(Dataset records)
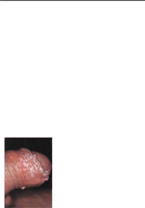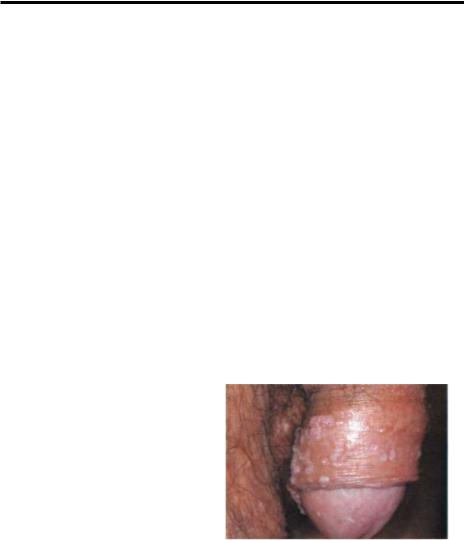 Рис.3-20: Вирусные моллюски систенции, гладкие, блестящие, крайней плоти полового члена. медленно увеличиваются в размере, достигая в среднем величины горошины. Поверхность элементов гладкая; в центре ее имеется пупковидное углубление, из которого при надавливании легко выделяется крошковатая масса беловатого цвета, состоящая из жира и моллюсковых телец. Обычно узелки располагаются небольшими группами или диссеминированно, иногда сливаясь в крупные неровные опухолеподобные образования ("гигантский моллюск"). Узелки малакоплакии в полости рта нередко можно спутать с базалиомой (Seifert Е. ссоавт.,1990).
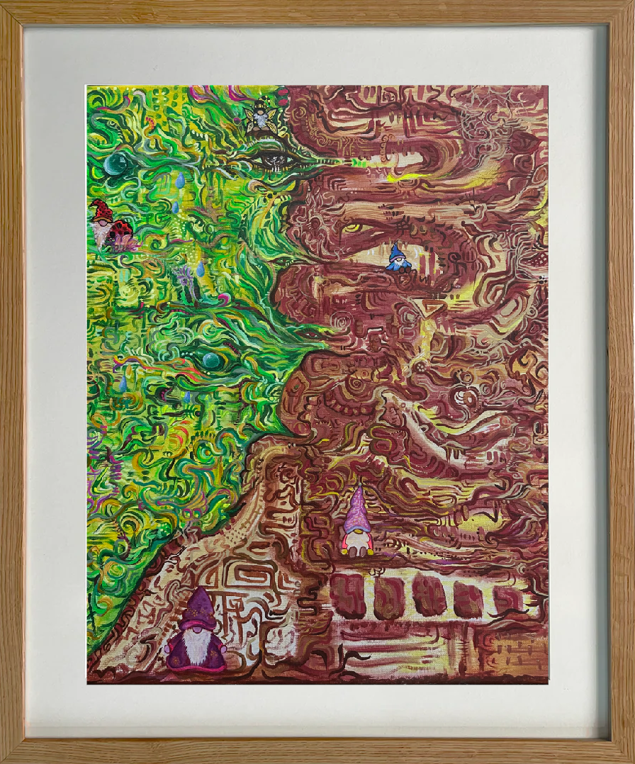 You will receive a 1.5 inch deep, gallery-wrapped & wired lyve canvas, museum-quality archival canvas that brings out the depth, vibrancy, and detail of my work produced as a bespoke collector’s piece. The canvas will be finished with hand-painted custom edges, extending the vision beyond the print and making the piece uniquely yours. Perfect for hanging in your home, studio, or sacred space, it arrives ready to display with no framing required.
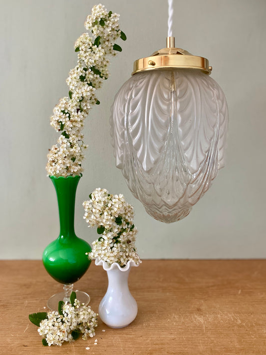 Suspension abat-jour vintage art déco en verre dépoli blanc et doré
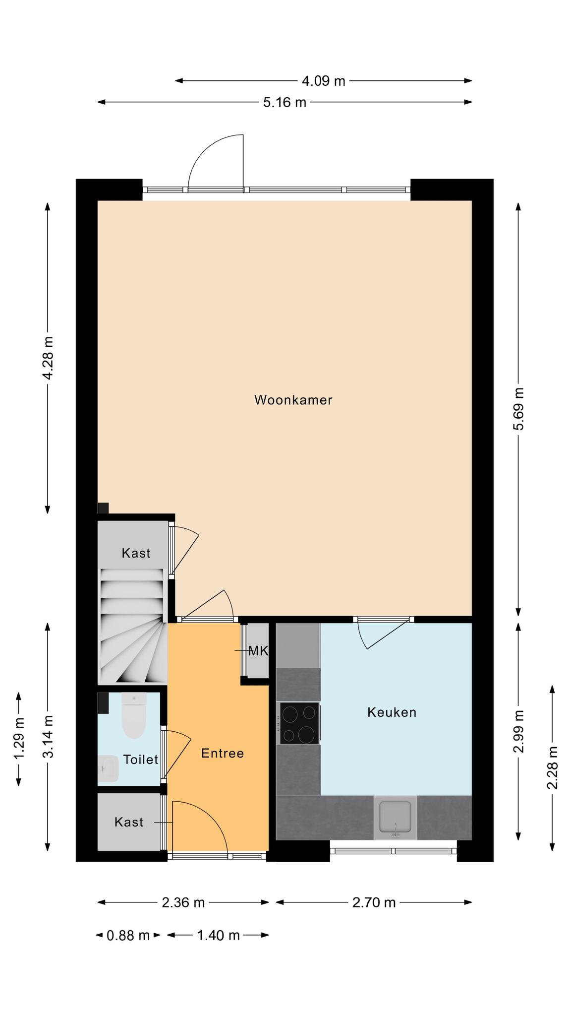De begane grond bestaat uit de hal/entree met toegang tot het toilet en de vaste trap naar de eerste verdieping. Vanuit de hal kom je in de ruime woonkamer die beschikt over veel lichtinval en die aansluit op de open keuken. De open keuken is voorzien van inbouwapparatuur en biedt veel opbergruimte. De begane grond is voorzien van vloerverwarming.
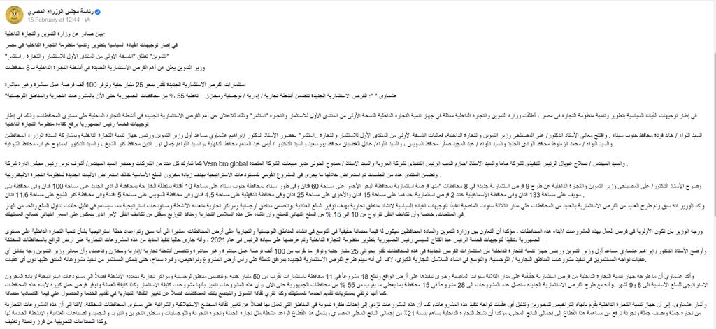 بيان وزارة التموين والتجارة الداخلية المصرية
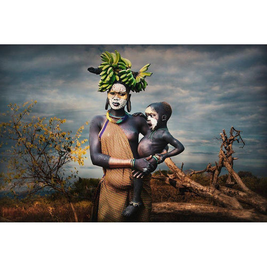 Three Surma,Ethiopia Black Modern Wood Framed Art Print by Yosifov, Svetlin

WHAT THE EXERCISE ASKS = In the copy, omit the pictures and reproduce every entry exactly.

OUTPUT FOR THIS TASK =
 Рис.3-20: Вирусные моллюски систенции, гладкие, блестящие, крайней плоти полового члена. медленно увеличиваются в размере, достигая в среднем величины горошины. Поверхность элементов гладкая; в центре ее имеется пупковидное углубление, из которого при надавливании легко выделяется крошковатая масса беловатого цвета, состоящая из жира и моллюсковых телец. Обычно узелки располагаются небольшими группами или диссеминированно, иногда сливаясь в крупные неровные опухолеподобные образования ("гигантский моллюск"). Узелки малакоплакии в полости рта нередко можно спутать с базалиомой (Seifert Е. ссоавт.,1990).
 You will receive a 1.5 inch deep, gallery-wrapped & wired lyve canvas, museum-quality archival canvas that brings out the depth, vibrancy, and detail of my work produced as a bespoke collector’s piece. The canvas will be finished with hand-painted custom edges, extending the vision beyond the print and making the piece uniquely yours. Perfect for hanging in your home, studio, or sacred space, it arrives ready to display with no framing required.
 Suspension abat-jour vintage art déco en verre dépoli blanc et doré
De begane grond bestaat uit de hal/entree met toegang tot het toilet en de vaste trap naar de eerste verdieping. Vanuit de hal kom je in de ruime woonkamer die beschikt over veel lichtinval en die aansluit op de open keuken. De open keuken is voorzien van inbouwapparatuur en biedt veel opbergruimte. De begane grond is voorzien van vloerverwarming.
 بيان وزارة التموين والتجارة الداخلية المصرية
 Three Surma,Ethiopia Black Modern Wood Framed Art Print by Yosifov, Svetlin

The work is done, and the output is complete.